• **Assigned task**: Although the data below contains pictures, please reproduce only its words, exactly.

• **Supplied material**:

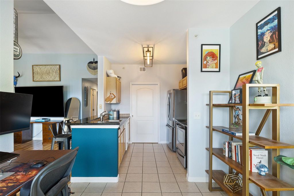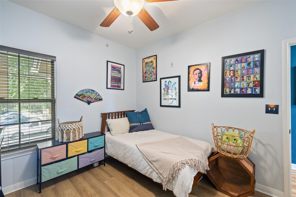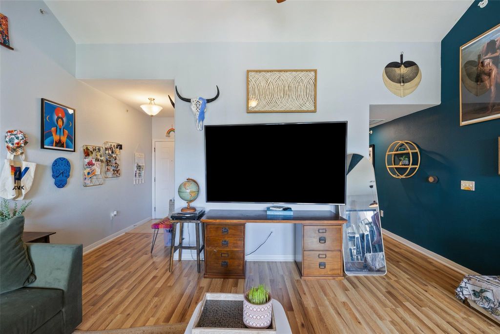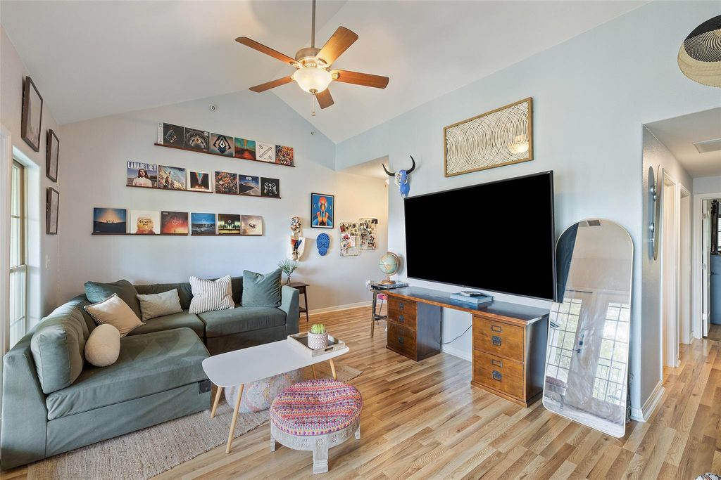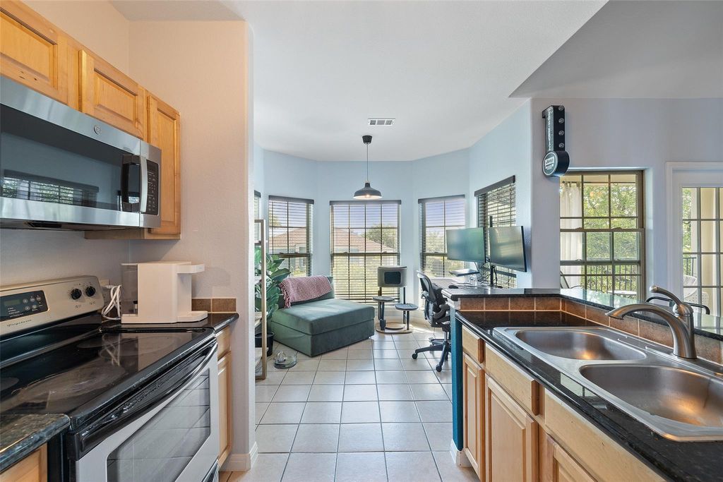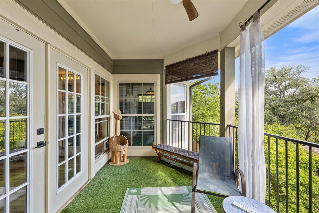 Preferred lender is offering a free buydown, giving the buyer two years of a 1% lower rate. A serene South Austin retreat nestled in the trees. This beautiful 2-bedroom, 2-bath condo is a private corner unit set on the second floor. Step inside to a bright and airy living space where expansive windows, French doors, and vaulted ceilings bring the outdoors in, especially during sunrise when the home is bathed in warm orange and red hues. The open-concept layout features a well-appointed kitchen with stainless steel appliances, a breakfast bar, and a cozy dining alcove perfect for gatherings. Enjoy your morning coffee or unwind in the evenings on the oversized balcony, complete with a storage closet and sweeping views of the treetops, it is an ideal perch to take in peaceful sunrises, birdsong, and the soothing sound of rain on the metal roof. The spacious primary suite features a double vanity, soaking tub, and walk-in shower. Additional upgrades include wood blinds throughout, updated door hardware, a patio ceiling fan, and recently replaced appliances, including the fridge and microwave. Located just minutes from South Lamar, the Barton Creek Greenbelt, and downtown Austin, this community offers easy access to vibrant local dining, shopping, and outdoor adventures. You're only moments from William Cannon for all your essentials, including medical, grocery, pet care, and more. On-site amenities include a community pool, gazebo, and basketball court.
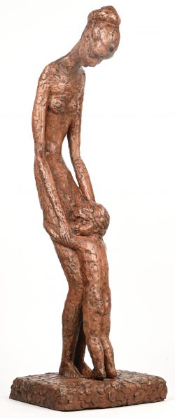 “Moeder met kind”. Een terracotta beeld. Onderaan gesigneerd. Vermoedelijke nummering “8/12”.
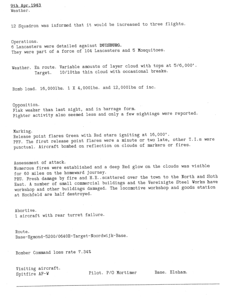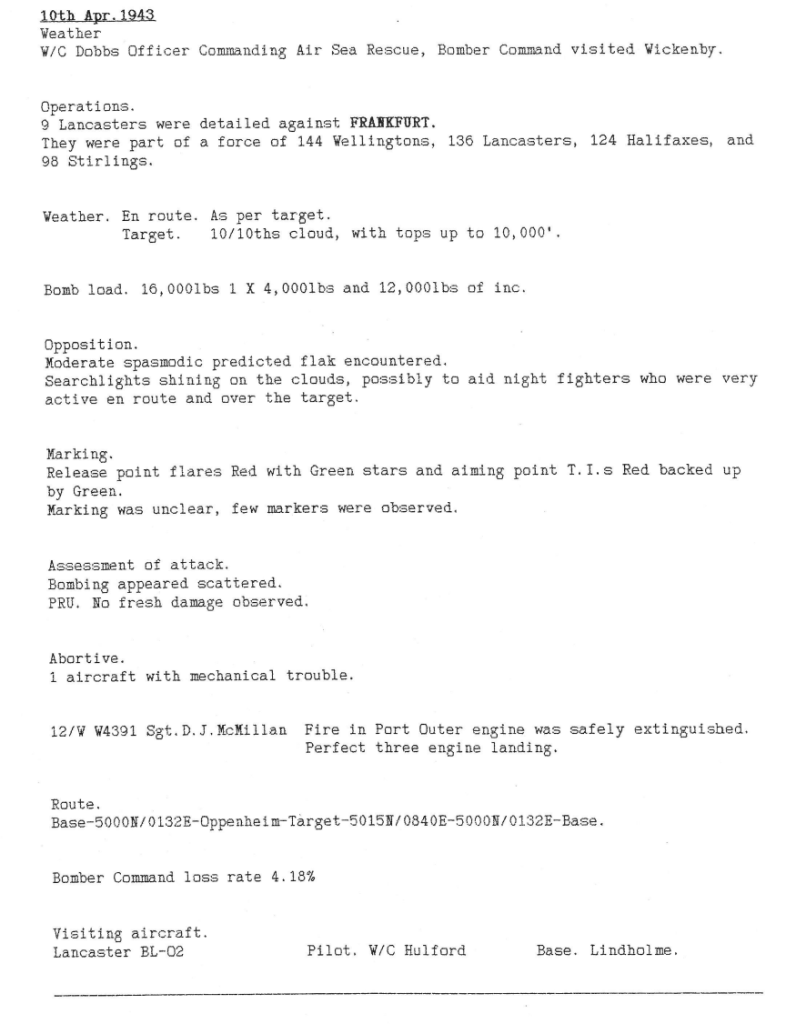 12 Sqn took part in 3 operation this week on three consecutive nights, 8,9 and 10th April, to Duisburg twice and then Frankfurt – there were no casualties. The attack on Frankfurt was through complete cloud cover and led to a failure. Bombing photos showed only cloud and Bomber Command had no idea where the bombs had fallen.

• **Solution**:
 Preferred lender is offering a free buydown, giving the buyer two years of a 1% lower rate. A serene South Austin retreat nestled in the trees. This beautiful 2-bedroom, 2-bath condo is a private corner unit set on the second floor. Step inside to a bright and airy living space where expansive windows, French doors, and vaulted ceilings bring the outdoors in, especially during sunrise when the home is bathed in warm orange and red hues. The open-concept layout features a well-appointed kitchen with stainless steel appliances, a breakfast bar, and a cozy dining alcove perfect for gatherings. Enjoy your morning coffee or unwind in the evenings on the oversized balcony, complete with a storage closet and sweeping views of the treetops, it is an ideal perch to take in peaceful sunrises, birdsong, and the soothing sound of rain on the metal roof. The spacious primary suite features a double vanity, soaking tub, and walk-in shower. Additional upgrades include wood blinds throughout, updated door hardware, a patio ceiling fan, and recently replaced appliances, including the fridge and microwave. Located just minutes from South Lamar, the Barton Creek Greenbelt, and downtown Austin, this community offers easy access to vibrant local dining, shopping, and outdoor adventures. You're only moments from William Cannon for all your essentials, including medical, grocery, pet care, and more. On-site amenities include a community pool, gazebo, and basketball court.
 “Moeder met kind”. Een terracotta beeld. Onderaan gesigneerd. Vermoedelijke nummering “8/12”.
 12 Sqn took part in 3 operation this week on three consecutive nights, 8,9 and 10th April, to Duisburg twice and then Frankfurt – there were no casualties. The attack on Frankfurt was through complete cloud cover and led to a failure. Bombing photos showed only cloud and Bomber Command had no idea where the bombs had fallen.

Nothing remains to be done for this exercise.